First, a preamble: Part of the reason I’d never watched this movie from start to finish before is because in high school, the local police department punctuated their anti-drug talk with well-chosen clips from Requiem.

“Don’t do drugs kids! You’ll lose an arm!” (There’s a J. Walter Weatherman joke in here somewhere…) Somehow I don’t think Aronofsky intended for Requiem to become propaganda for drug cops.

Anyway, for me, the only major redeeming factor of Requiem was Ellen Burstyn.

While the Harry/Marion/Tyrone plot ran pretty thin, Burstyn as Harry’s mother Sara was the real heart of this film, if it has one. Sara’s attempt to resolve her pain through television is the closest thing Requiem comes to real social critique.

I have a hard time believing that an elderly patient would get electroconvulsive therapy to treat a pill addiction in the year 2000 (or even 1978, when the novel was written), but then again, what do I know? But taken metaphorically, Sara’s terrifying ordeal works as a representation—however heavy-handed—of the disorienting and depersonalized approach to mental health in the medical system.

Meanwhile, I found the plotline of Jared Leto and Jennifer Connelly as beautiful wastrels somewhat unbearable.

Great performances, surely, and they mastered the art of looking attractively strung out, but did I really care about this deadbeat who treats his mom like crap and his slumming girlfriend?

Jesse and Jane from Breaking Bad trounce these two in the upper/middle class tragic heroin love story department, probably because they seem like actual human beings.

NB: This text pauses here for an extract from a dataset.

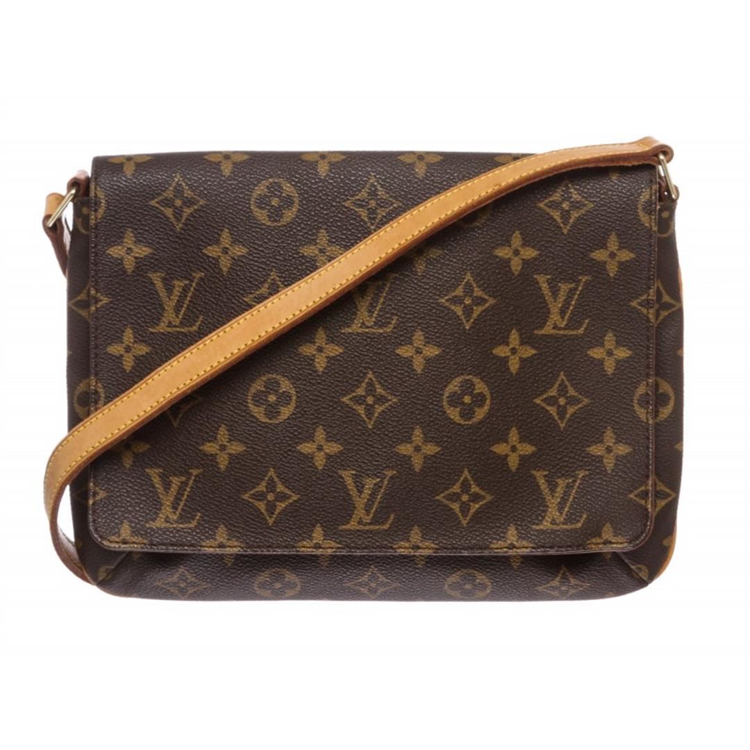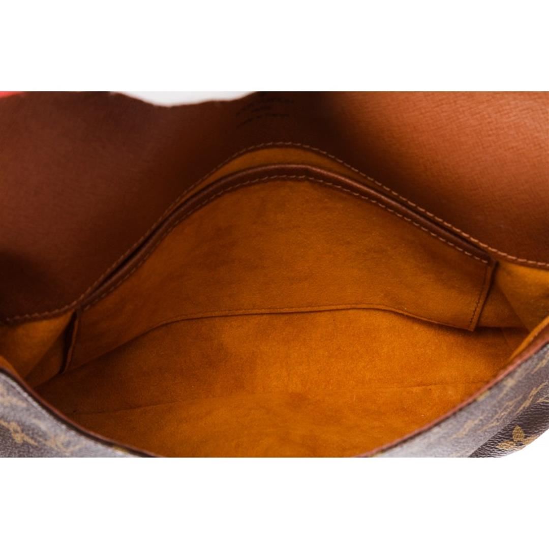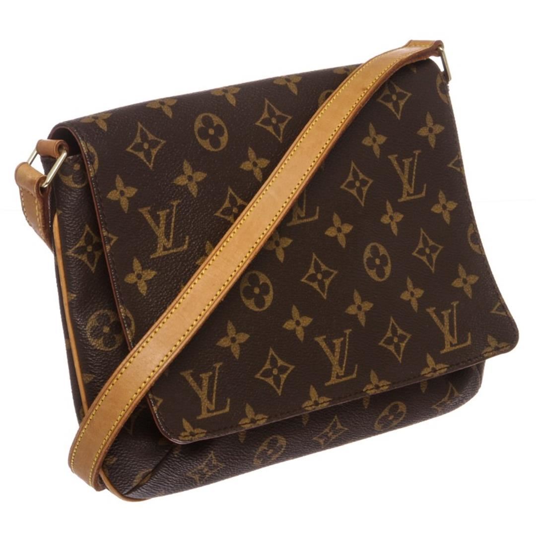 Brown and tan monogram coated canvas Louis Vuitton Musette Tango bag with brass hardware, tan vachetta leather trim, single flat shoulder strap, marigold Alcantara lining, single pocket at interior wall and magnetic snap closure at front flap.

Marlon Wayans, meanwhile, totally got shafted—all we really know about his character is that he has sex with a nameless woman and misses with mama. Maybe Tyrone is better fleshed out in the novel?

I will say that the horrific final fifteen minutes of this film were pretty amazing in terms of pure movie-watching experience.

It’s hard to say which made my skin crawl more—Jared Leto’s amputation or Jennifer Connelly’s enforced sex show performance. Probably the latter, only because it totally creeps me out that Aronofsky made Connelly and the other actress in the scene do that. Now I fully understand his reputation for exploiting female actors.

If you’re curious about Aronofsky, I’d recommend The Wrestler and Black Swan. The exploitative voyeur aspect is still there in those films, but at least Marisa Tomei and Natalie Portman had real characters to work with. Watch Requiem if you must, but don’t expect to get much out of it.